• **Records from a collection**

---*---

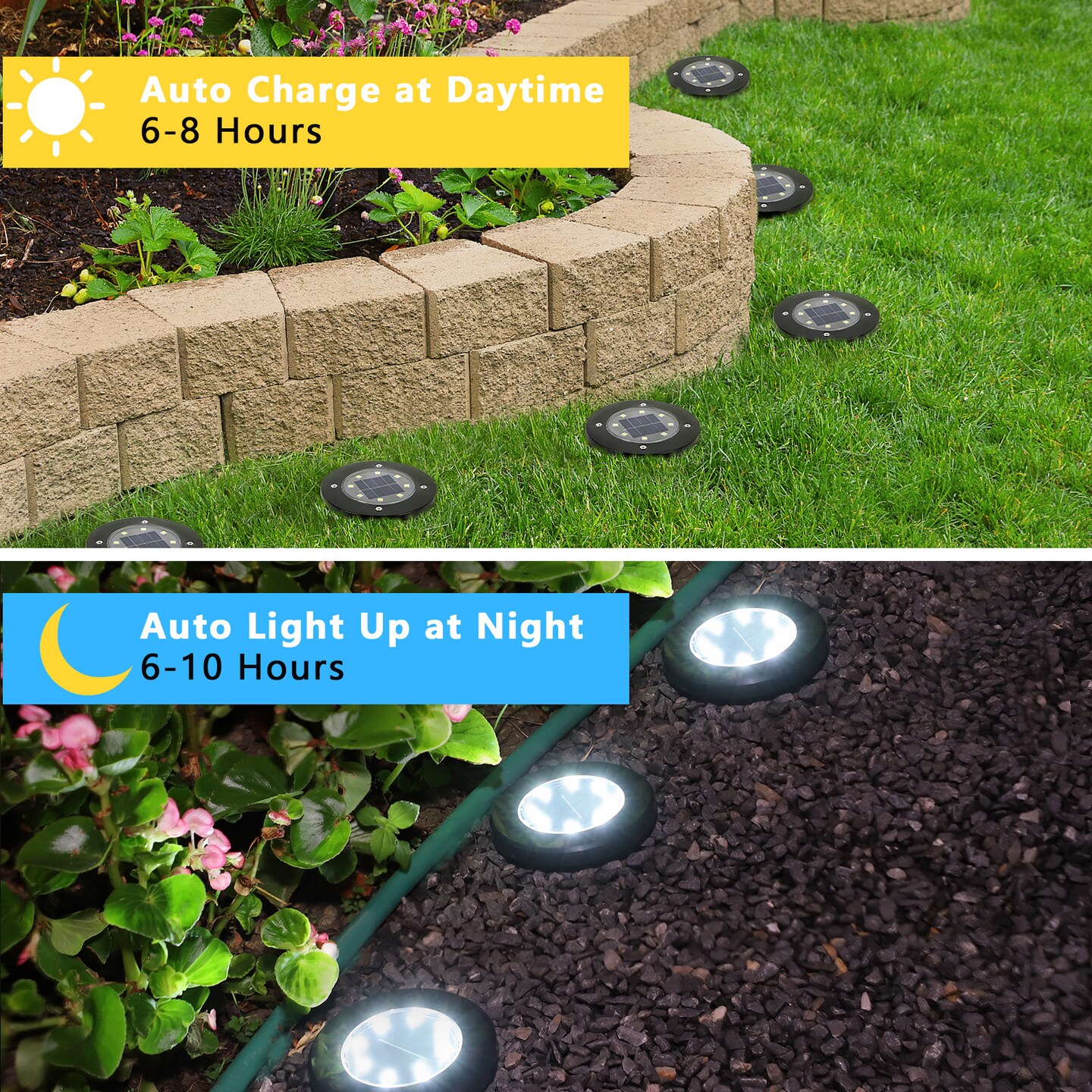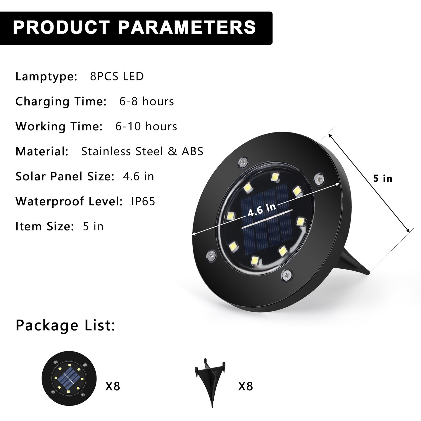 8 Pack Solar Ground Lights, 8 LED IP65 Waterproof In-Ground Outdoor Lights for Garden Pathway
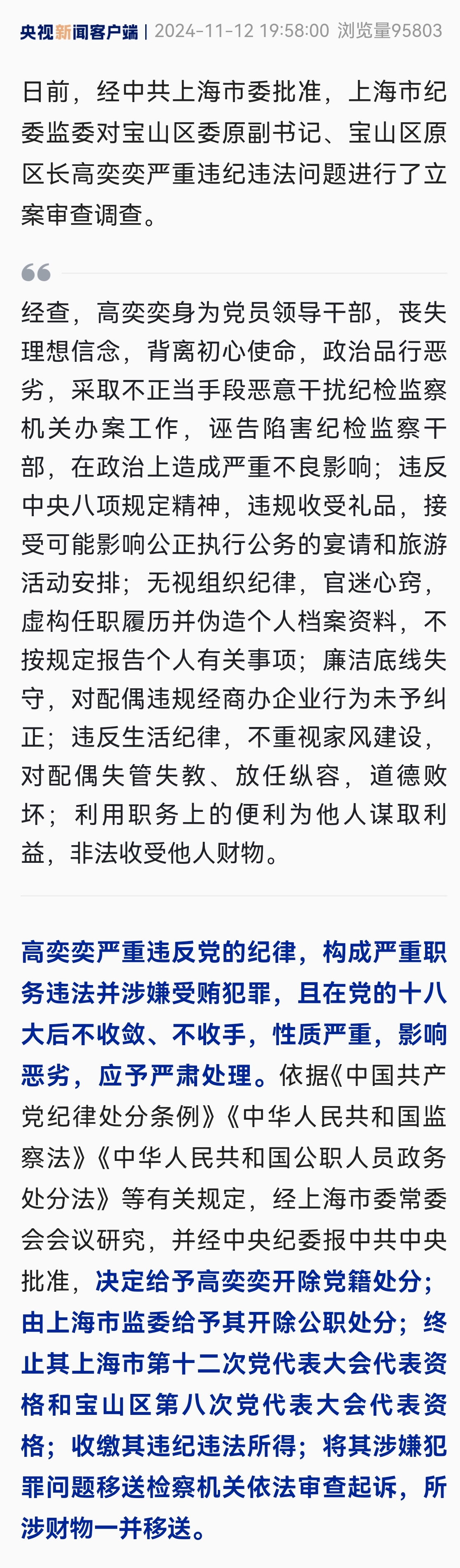 上海宝山区委原副书记高奕奕严重违纪违法被开除党籍和公职 Posted on 2024年11月13日 By admin 上海宝山区委原副书记高奕奕严重违纪违法被开除党籍和公职无评论 微信或QQ扫一扫 浏览量: 13 即时新闻
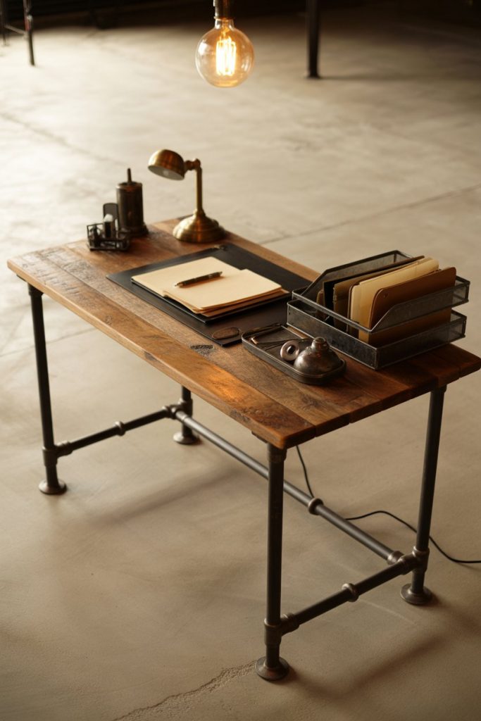 5. Industrial Pipe Desk with Reclaimed Wood
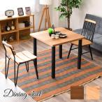 ダイニングテーブル 2人掛け ダイニングテーブルセット 正方形 80cm アメリカンテイスト ダイニング 3点セット 異素材 MIX ニレ 無垢 木製 スチール脚
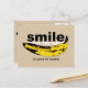 Arte gráfica: Banana orientada para formar um sorriso + pequeno texto entre parênteses: (é bom para a saúde). Perfeito para quem continua sorrindo ano após ano. Design em cartão postal de convite com textos para 50º Aniversário Salve a Data para personalizar. Você pode facilmente alterar o texto (fonte, cor, tamanho e posição) clicando no botão personalizar. Convite de aniversário, livros de visitas de aniversário (capa dura e caderno espiral), guardanapo de papel de aniversário, prato de papel e muito mais...
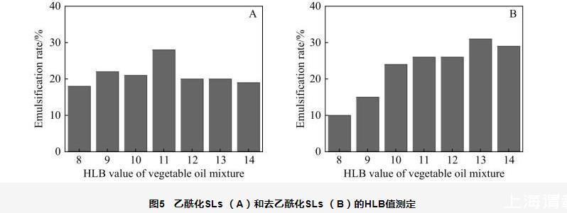 圖5乙酰化SLs(A)和去乙酰化SLs(B)的HLB值測定
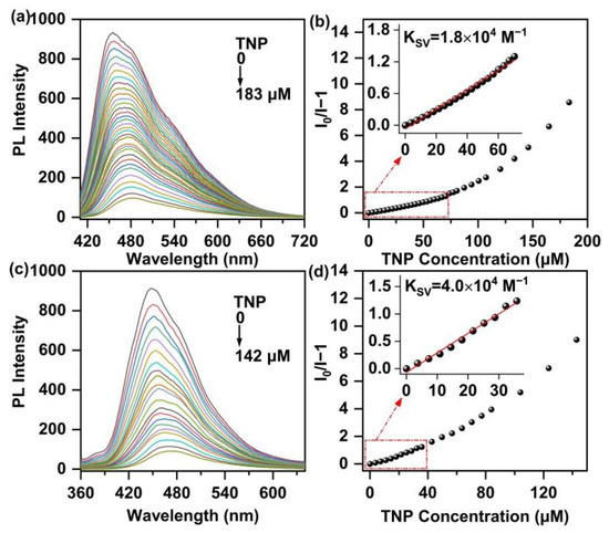Emission spectra of l-PAnTPE (a) and PAnTPE (c) aqueous dispersion with increasing amounts of TNP. S–V plots of PL intensity (I0/I−1) of l-PAnTPE (b) and PAnTPE (d) vs. TNP concentration.
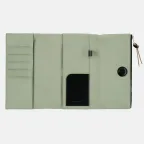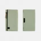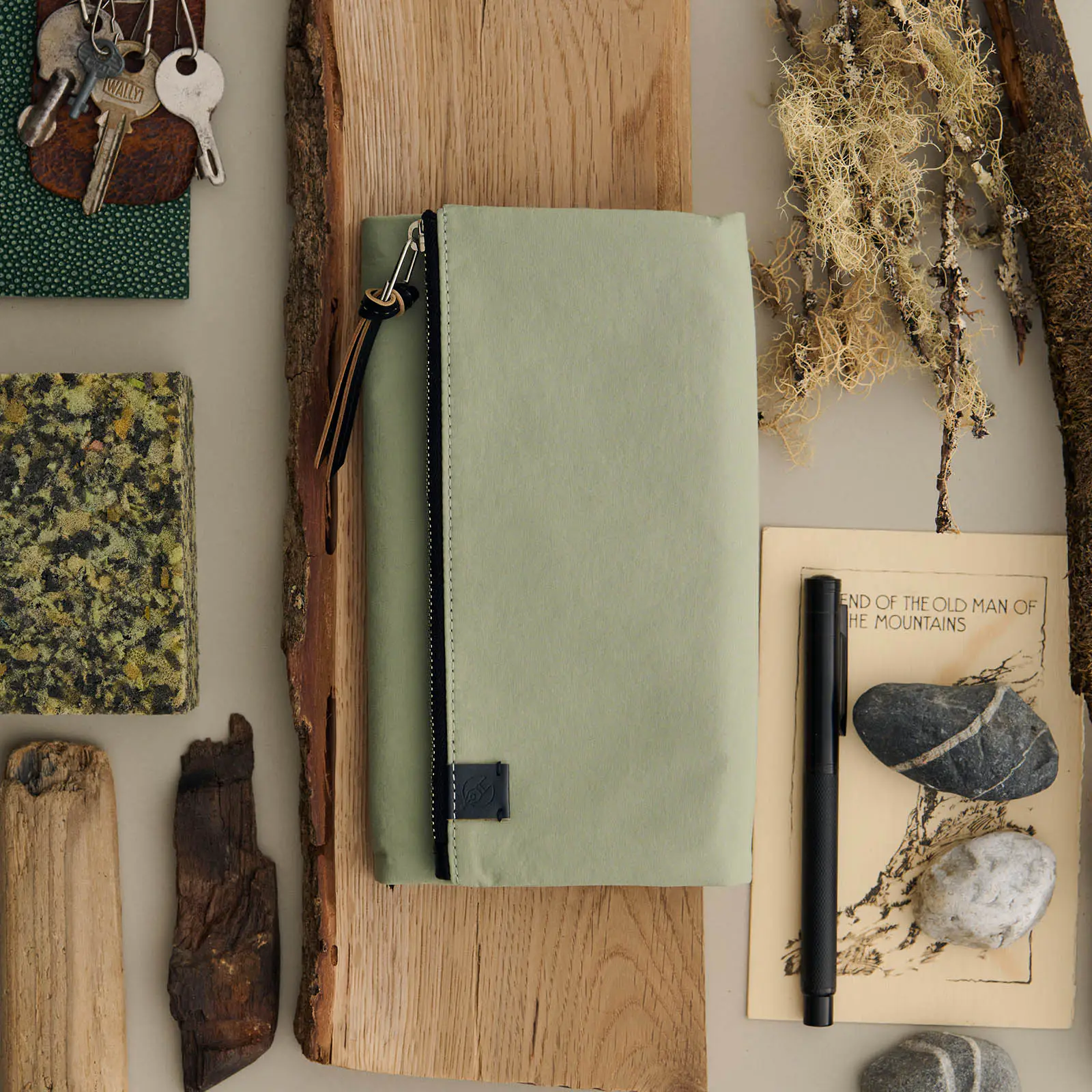 Its standout feature is the generously sized pocket, but its overall appearance remains clean and minimal. With its calming and gentle oakmoss color, the design is versatile and suits anyone. Though it folds into thirds and fastens with a magnetic closure, the cover is light in hand. The aim was effortless elegance, something that looks sharp without being flashy. The material is a soft nylon with a sophisticated sheen.
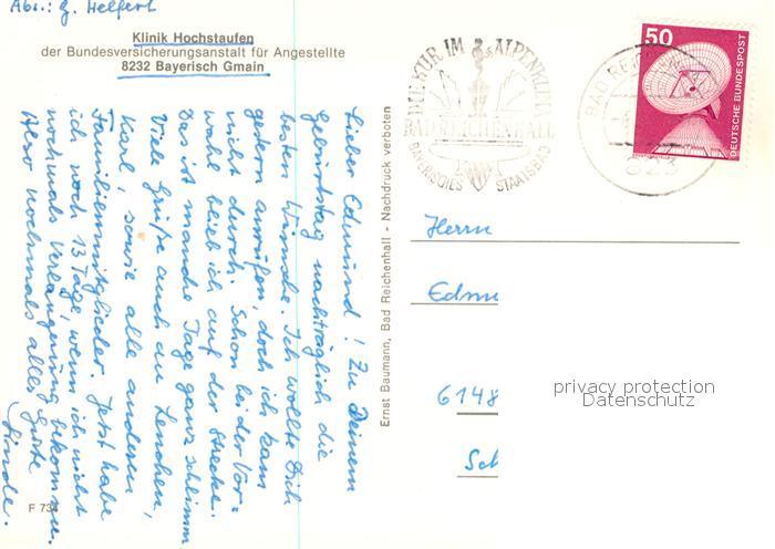 73100909 alte Postkarte Bayerisch Gmain Kurklinik Hochstaufen postalisch gelaufen Erhaltung siehe scans [WerneD78] KatCode: 11110009172115
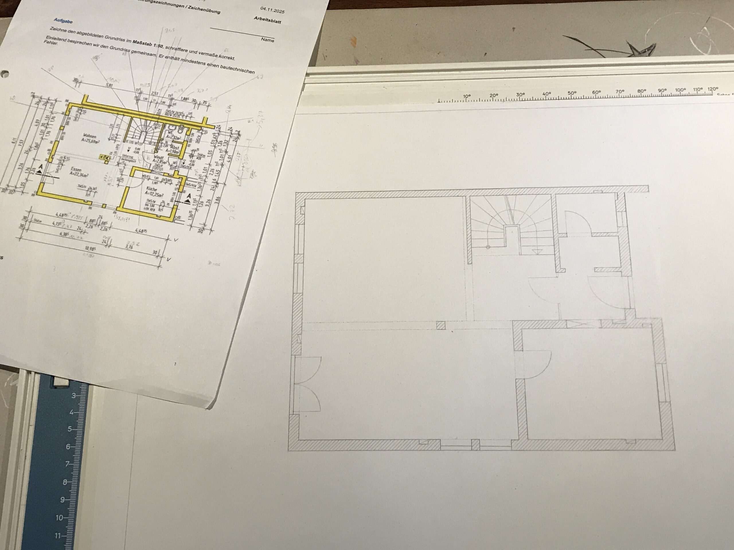 Da mein erstes Ausbildungsjahr überwiegend schulisch stattfindet, habe ich an vier Tagen in der Woche Berufsschule und so spannende Fächer wie Mauern, Handzeichnen und Zimmern. Ich arbeite also echt mit Mauersteinen, Mörtel, Holz und allem Werkzeug, was man zur Bearbeitung braucht. Und ich zeichne total oldschool auf einer Zeichenplatte mit Geodreieck, Lineal und verschiedenen Bleistiften. Computeranwendung mit Word, Excel und „Maschineschreiben“ gehört auch noch zu dieser Art der Ausbildung, ist aber überwiegend nichts Neues für mich. Alles andere schon. (Okay, mit zehn Fingern schreiben kann ich zwar nicht, schreibe aber trotzdem sau schnell durch die jahrelange Übung, was zum Glück auch zählt.)
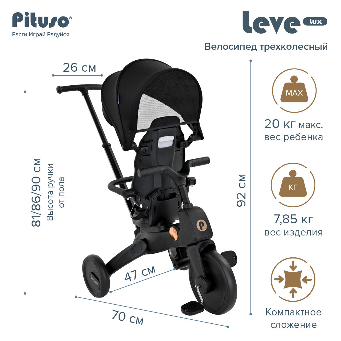 Купить Велосипед детский Pituso Leve Lux трехколесный складной, Black/Черный
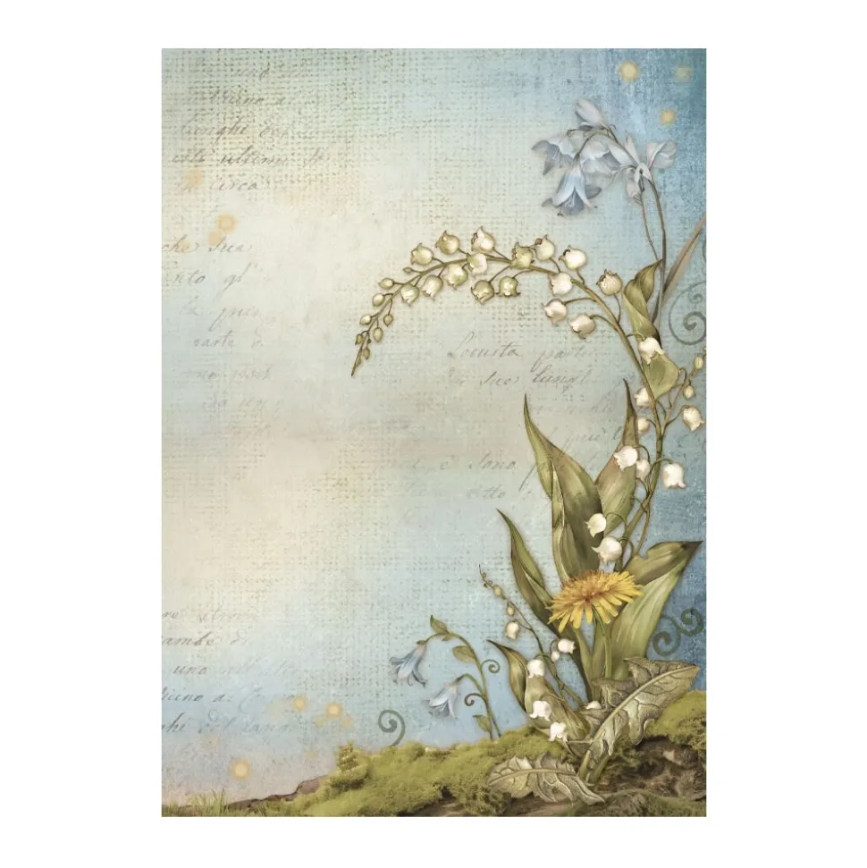 - Papel de arroz decorado diseñado por Stamperia con un gramaje muy bajo cuya ligereza y adaptabilidad a casi cualquier superficie lo hace apto para cualquier técnica de decoupage.
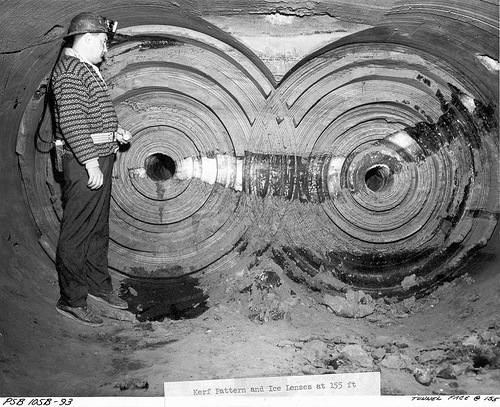Ice_Intrusion_155_ft_deep“Initial research” at the site “focused on developing new mining and tunneling methods for building underground facilities and foundations in permafrost. Special emphasis was given to tunnel behavior in permafrost, including deformation, natural air flow, feasible types of ventilation and thermal regime.”
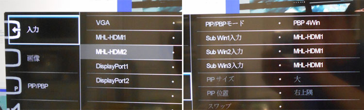 OSDでは、メインとなる入力先を指定する(写真左)。ここで指定したメイン信号は、PBPで画面を分けた時に必ずメインの位置に表示される。写真右は4分割にしたときの設定で、サブ1~3の位置に出力する信号を設定する。重複も可能だし、接続していない端子を選べば、そこはブラックになる。つまりブラックにできるのはサブ画面のみ。
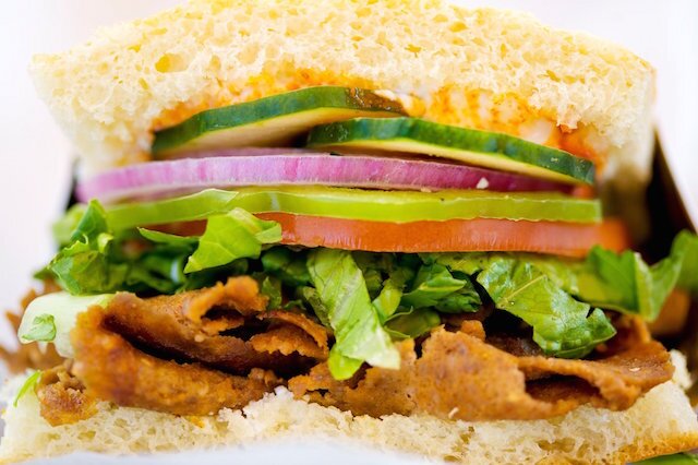 tomato, onion, green pepper, cucumber and tzatziki. You can choose either beef and lamb, chicken, or mixed meats. An added bonus is that their Little Tokyo location has an awesome happy hour, so you can wash it down with a local craft brew.
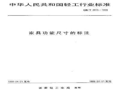 本标准提原国家标准GB10166一1988家具功能尺寸的标注,经由国轻行[19]112号文发布转化标准号为Q/T3915—1999,内容尚前。本标准也回求经工业局类出。
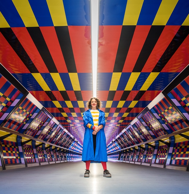 A resident of East London for over 20 years, Walala’s work is right at home in this vibrant area of the capital. The hypnotic design sees Adams Plaza Bridge wrapped in bold geometric shapes and colours. Visitors’ perceptions of the piece will change throughout the day, as daylight and darkness seeps through to alter the visuals inside the structure. Inspired by the architectural details of the striking bridge, Walala’s vision used the tunnel-like form as a canvas to transform the space into an eye-catching backdrop.
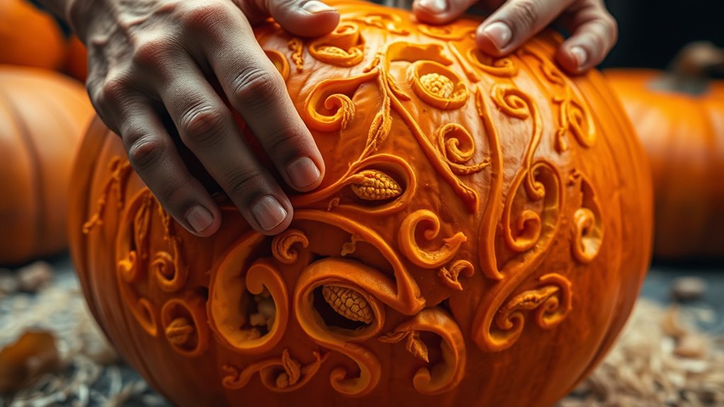 To elevate your pumpkin carving skills beyond basics, focus on intricate pattern techniques that require precision and patience, using fine tools for detailed designs. Try 3D sculpting to shape layers of pumpkin flesh into realistic figures or textures. Experiment with different materials like faux pumpkins and textured paints for contrast. Layer colors and carve depths to add dimension, and incorporate light and shadows for dramatic effects. Keep exploring these advanced methods to create truly stunning pumpkin art.

---*---

• **What you have to do**
Give the lines of the entries above exactly as they appear, leaving out each picture.

• **Answer space**
 8 Pack Solar Ground Lights, 8 LED IP65 Waterproof In-Ground Outdoor Lights for Garden Pathway
 上海宝山区委原副书记高奕奕严重违纪违法被开除党籍和公职 Posted on 2024年11月13日 By admin 上海宝山区委原副书记高奕奕严重违纪违法被开除党籍和公职无评论 微信或QQ扫一扫 浏览量: 13 即时新闻
 5. Industrial Pipe Desk with Reclaimed Wood
 ダイニングテーブル 2人掛け ダイニングテーブルセット 正方形 80cm アメリカンテイスト ダイニング 3点セット 異素材 MIX ニレ 無垢 木製 スチール脚
 Arte gráfica: Banana orientada para formar um sorriso + pequeno texto entre parênteses: (é bom para a saúde). Perfeito para quem continua sorrindo ano após ano. Design em cartão postal de convite com textos para 50º Aniversário Salve a Data para personalizar. Você pode facilmente alterar o texto (fonte, cor, tamanho e posição) clicando no botão personalizar. Convite de aniversário, livros de visitas de aniversário (capa dura e caderno espiral), guardanapo de papel de aniversário, prato de papel e muito mais...
 圖5乙酰化SLs(A)和去乙酰化SLs(B)的HLB值測定
Emission spectra of l-PAnTPE (a) and PAnTPE (c) aqueous dispersion with increasing amounts of TNP. S–V plots of PL intensity (I0/I−1) of l-PAnTPE (b) and PAnTPE (d) vs. TNP concentration.
 Its standout feature is the generously sized pocket, but its overall appearance remains clean and minimal. With its calming and gentle oakmoss color, the design is versatile and suits anyone. Though it folds into thirds and fastens with a magnetic closure, the cover is light in hand. The aim was effortless elegance, something that looks sharp without being flashy. The material is a soft nylon with a sophisticated sheen.
 73100909 alte Postkarte Bayerisch Gmain Kurklinik Hochstaufen postalisch gelaufen Erhaltung siehe scans [WerneD78] KatCode: 11110009172115
 Da mein erstes Ausbildungsjahr überwiegend schulisch stattfindet, habe ich an vier Tagen in der Woche Berufsschule und so spannende Fächer wie Mauern, Handzeichnen und Zimmern. Ich arbeite also echt mit Mauersteinen, Mörtel, Holz und allem Werkzeug, was man zur Bearbeitung braucht. Und ich zeichne total oldschool auf einer Zeichenplatte mit Geodreieck, Lineal und verschiedenen Bleistiften. Computeranwendung mit Word, Excel und „Maschineschreiben“ gehört auch noch zu dieser Art der Ausbildung, ist aber überwiegend nichts Neues für mich. Alles andere schon. (Okay, mit zehn Fingern schreiben kann ich zwar nicht, schreibe aber trotzdem sau schnell durch die jahrelange Übung, was zum Glück auch zählt.)
 Купить Велосипед детский Pituso Leve Lux трехколесный складной, Black/Черный
 - Papel de arroz decorado diseñado por Stamperia con un gramaje muy bajo cuya ligereza y adaptabilidad a casi cualquier superficie lo hace apto para cualquier técnica de decoupage.
Ice_Intrusion_155_ft_deep“Initial research” at the site “focused on developing new mining and tunneling methods for building underground facilities and foundations in permafrost. Special emphasis was given to tunnel behavior in permafrost, including deformation, natural air flow, feasible types of ventilation and thermal regime.”
 OSDでは、メインとなる入力先を指定する(写真左)。ここで指定したメイン信号は、PBPで画面を分けた時に必ずメインの位置に表示される。写真右は4分割にしたときの設定で、サブ1~3の位置に出力する信号を設定する。重複も可能だし、接続していない端子を選べば、そこはブラックになる。つまりブラックにできるのはサブ画面のみ。
 tomato, onion, green pepper, cucumber and tzatziki. You can choose either beef and lamb, chicken, or mixed meats. An added bonus is that their Little Tokyo location has an awesome happy hour, so you can wash it down with a local craft brew.
 本标准提原国家标准GB10166一1988家具功能尺寸的标注,经由国轻行[19]112号文发布转化标准号为Q/T3915—1999,内容尚前。本标准也回求经工业局类出。
 A resident of East London for over 20 years, Walala’s work is right at home in this vibrant area of the capital. The hypnotic design sees Adams Plaza Bridge wrapped in bold geometric shapes and colours. Visitors’ perceptions of the piece will change throughout the day, as daylight and darkness seeps through to alter the visuals inside the structure. Inspired by the architectural details of the striking bridge, Walala’s vision used the tunnel-like form as a canvas to transform the space into an eye-catching backdrop.
 To elevate your pumpkin carving skills beyond basics, focus on intricate pattern techniques that require precision and patience, using fine tools for detailed designs. Try 3D sculpting to shape layers of pumpkin flesh into realistic figures or textures. Experiment with different materials like faux pumpkins and textured paints for contrast. Layer colors and carve depths to add dimension, and incorporate light and shadows for dramatic effects. Keep exploring these advanced methods to create truly stunning pumpkin art.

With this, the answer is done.